Die zu vermittelnden Inhalte orientieren sich am Ziel, die vorhandenen Professionalisierungsdefizite insbesondere der regionalen KMU sowie der regionalen Gesundheits- und Sozialwirtschaft auszugleichen. Dazu sollen passgenaue Weiterbildungsangebote nicht nur auf Master-Ebene, sondern auch im Sinne von berufsbegleitenden Bachelorangeboten oder universitären Zertifikatskursen entwickelt und angeboten werden. Somit können auch Zielgruppen erreicht und akademisiert werden, die bislang über keinen ersten Hochschulabschluss verfügen, deren Weiterqualifizierung aber nicht nur angesichts des demographischen Wandels von zentraler gesellschaftlicher Bedeutung ist. Beispielhaft seien hierfür die Entwicklung entsprechender Angebote für Mitarbeiterinnen und Mitarbeiter regionaler KMU („KMU-Management“) genannt.

Bei den Studienangeboten im Masterbereich soll der Fokus stärker auf spezialisierte Managementinhalte in den genannten Clustern gelegt werden, ohne dabei den generalistischen und überfachlichen Ansatz der Professional School zu vernachlässigen.

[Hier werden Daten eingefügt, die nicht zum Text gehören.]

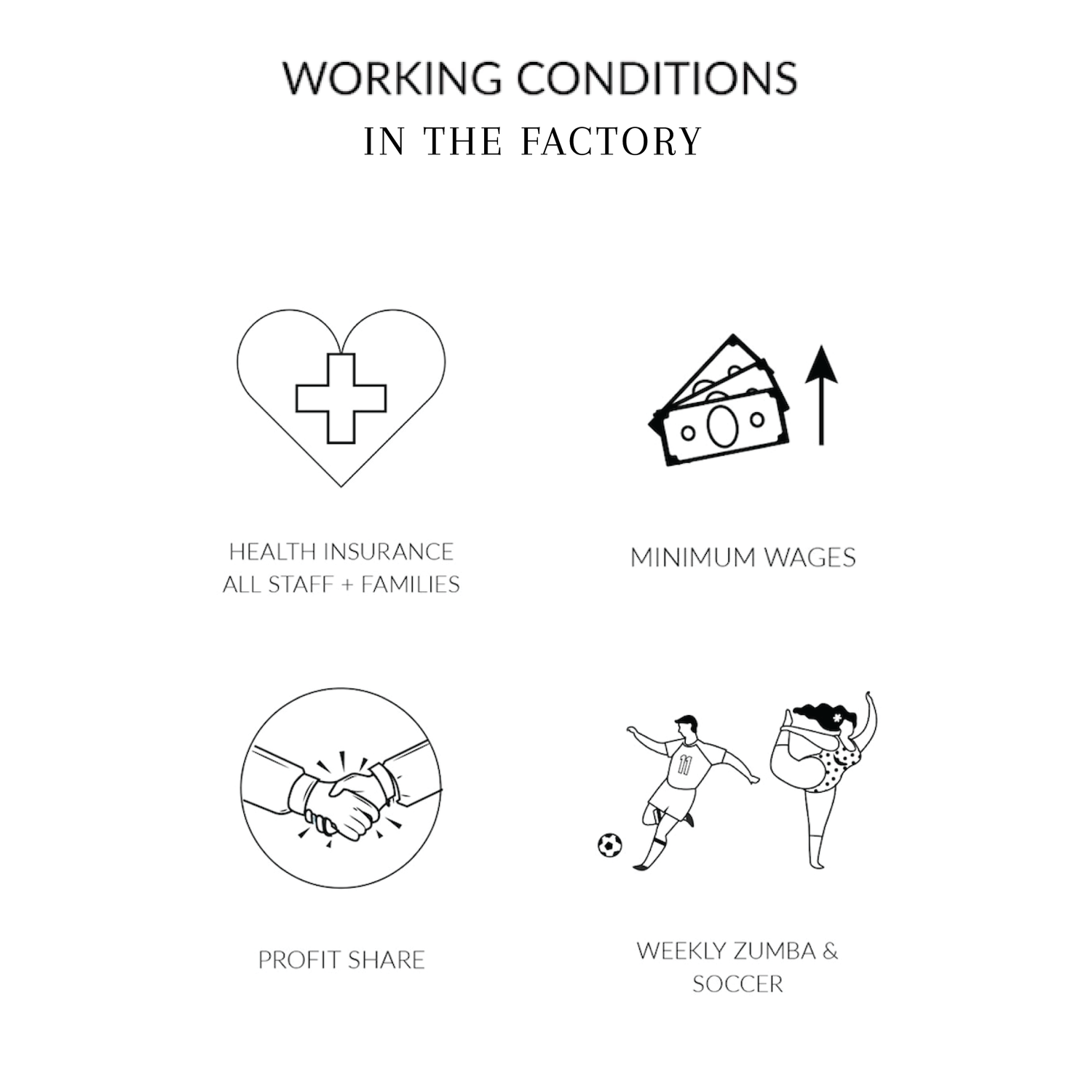 Notre atelier, situé à Bali, est une entreprise familiale à taille humaine où le respect et des conditions de travail exemplaires sont au cœur des valeurs. Les collaborateurs bénéficient d’un temps de travail inférieur à 40 heures par semaine, d’une rémunération pouvant atteindre jusqu’à trois fois le salaire minimum, ainsi que d’un treizième mois. Ces engagements forment le socle d’une relation saine et durable avec nos fournisseurs et chaque personne impliquée dans la création des maillots Cybëlle. Chaque employé dispose d’une couverture santé complète pour lui et sa famille, un élément essentiel en Indonésie. La créatrice se rend sur place chaque trimestre pour veiller au maintien de ces standards humains et artisanaux.

Die Weiterbildungsangebote zielen somit einerseits auf die Überführung von der Fachkraft zur Führungskraft, andererseits auf die Befähigung von Nachwuchsführungskräften zu Führungskräften/ Geschäfts-führern. Der systematisch-verhaltensorientierte, modulare und auf die Qualifizierungsbedürfnisse der regionalen Wirtschaft ausgerichtete Ansatz des Leuphana Weiterbildungsmodells unterstützt dabei den unmittelbaren Praxis-nutzen und die Nachhaltigkeit der Weiterbildungsmaßnahmen entscheidend. Darüber hinaus fördert die Professional School neben der Weiterqualifizierung und damit dem Wissenstransfer in die Region auch zentral den Informationstransfer aus der regionalen Wirtschaft in die Universität. Durch den über die Professional School zu fördernden Zugang zu Fachkräften der regionalen Wirtschaft sollen insbesondere die regionalen forschungsrelevanten Bedarfe identifiziert werden. Auf Basis dieses Informationsrückflusses in die Universität sollen aktuelle Bedarfe und Probleme der regionalen Wirtschaft über die mit der Professional School eng verbundenen Kompetenztandems bzw. in der assoziierten Graduate School wiederum zum Gegenstand praxisorientierter internationaler Spitzenforschung gemacht werden beziehungsweise im Rahmen von praxisorientierten Master- oder Promotionsstipendien fundiert wissenschaftlich reflektiert werden.

Die Ergebnisse dieser Forschungsleistungen werden schließlich den Unternehmen der Region zur Positionierung im Wettbewerb zugänglich gemacht. Durch diesen Kreislauf und der über die Professional School zu fördernden Institutionalisierung der gegenseitigen Informations- und Wissensvermittlung zwischen Wissenschaft und Wirtschaft soll die zwingend gebotene Schnittstelle für eine Regionalentwicklung aus einer Universität heraus gebildet werden.